Please write out only the lines from the one containing "Kit roue jockey diam. 48" through the last line of the listing. Do not include pictures.

##############################

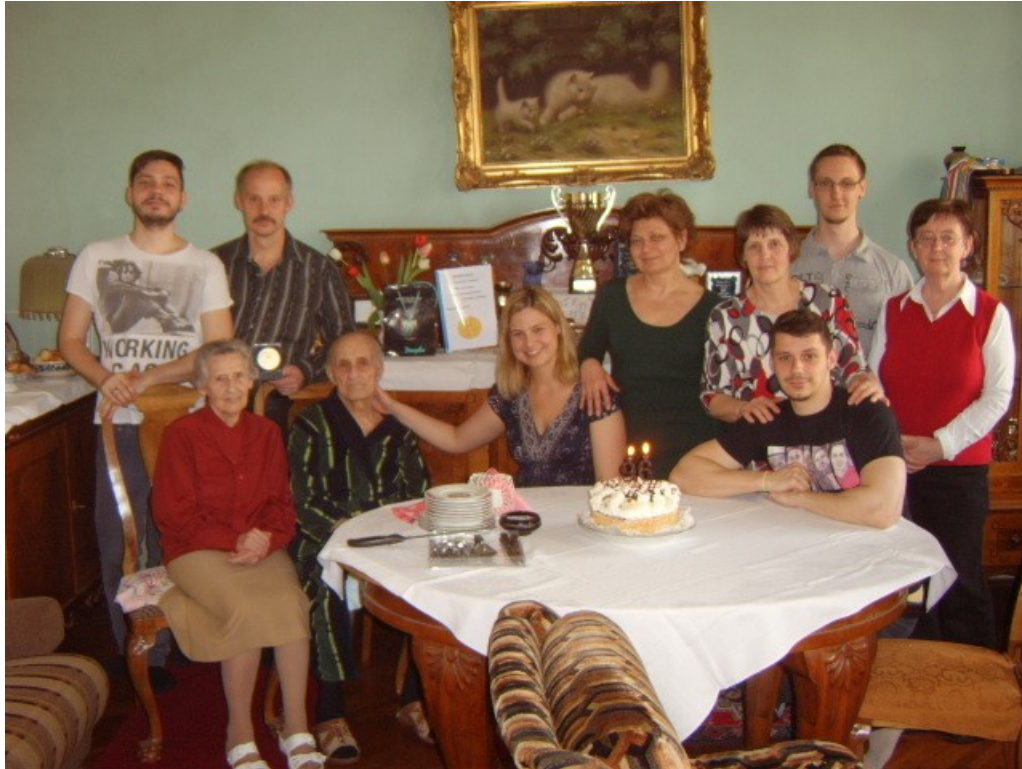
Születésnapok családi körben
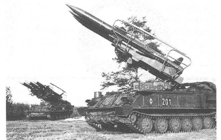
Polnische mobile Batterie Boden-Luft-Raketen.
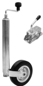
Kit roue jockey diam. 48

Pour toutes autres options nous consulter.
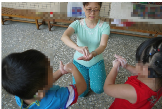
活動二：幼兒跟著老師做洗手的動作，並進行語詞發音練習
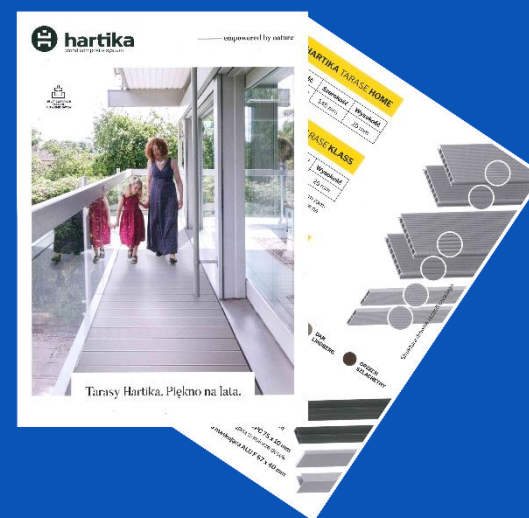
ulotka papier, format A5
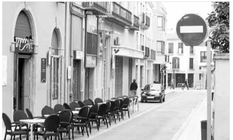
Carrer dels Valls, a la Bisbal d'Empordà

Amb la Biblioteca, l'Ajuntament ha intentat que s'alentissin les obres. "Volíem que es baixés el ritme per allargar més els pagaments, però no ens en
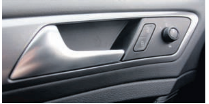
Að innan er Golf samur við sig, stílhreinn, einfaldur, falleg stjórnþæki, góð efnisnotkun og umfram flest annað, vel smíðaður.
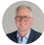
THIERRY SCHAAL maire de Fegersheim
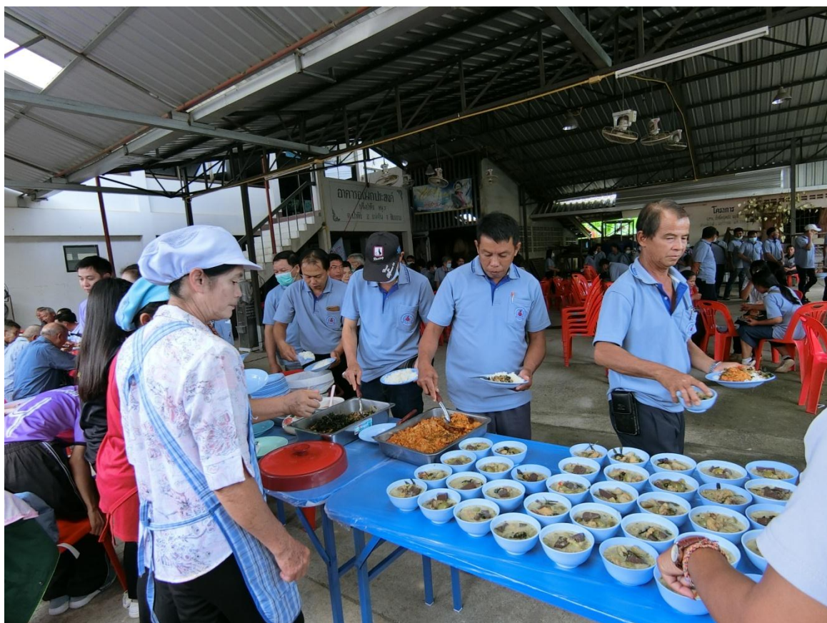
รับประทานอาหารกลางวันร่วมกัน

##############################

◆ **Answer to this task**:
Kit roue jockey diam. 48

Pour toutes autres options nous consulter.
活動二：幼兒跟著老師做洗手的動作，並進行語詞發音練習
ulotka papier, format A5
Carrer dels Valls, a la Bisbal d'Empordà

Amb la Biblioteca, l'Ajuntament ha intentat que s'alentissin les obres. "Volíem que es baixés el ritme per allargar més els pagaments, però no ens en
Að innan er Golf samur við sig, stílhreinn, einfaldur, falleg stjórnþæki, góð efnisnotkun og umfram flest annað, vel smíðaður.
THIERRY SCHAAL maire de Fegersheim
รับประทานอาหารกลางวันร่วมกัน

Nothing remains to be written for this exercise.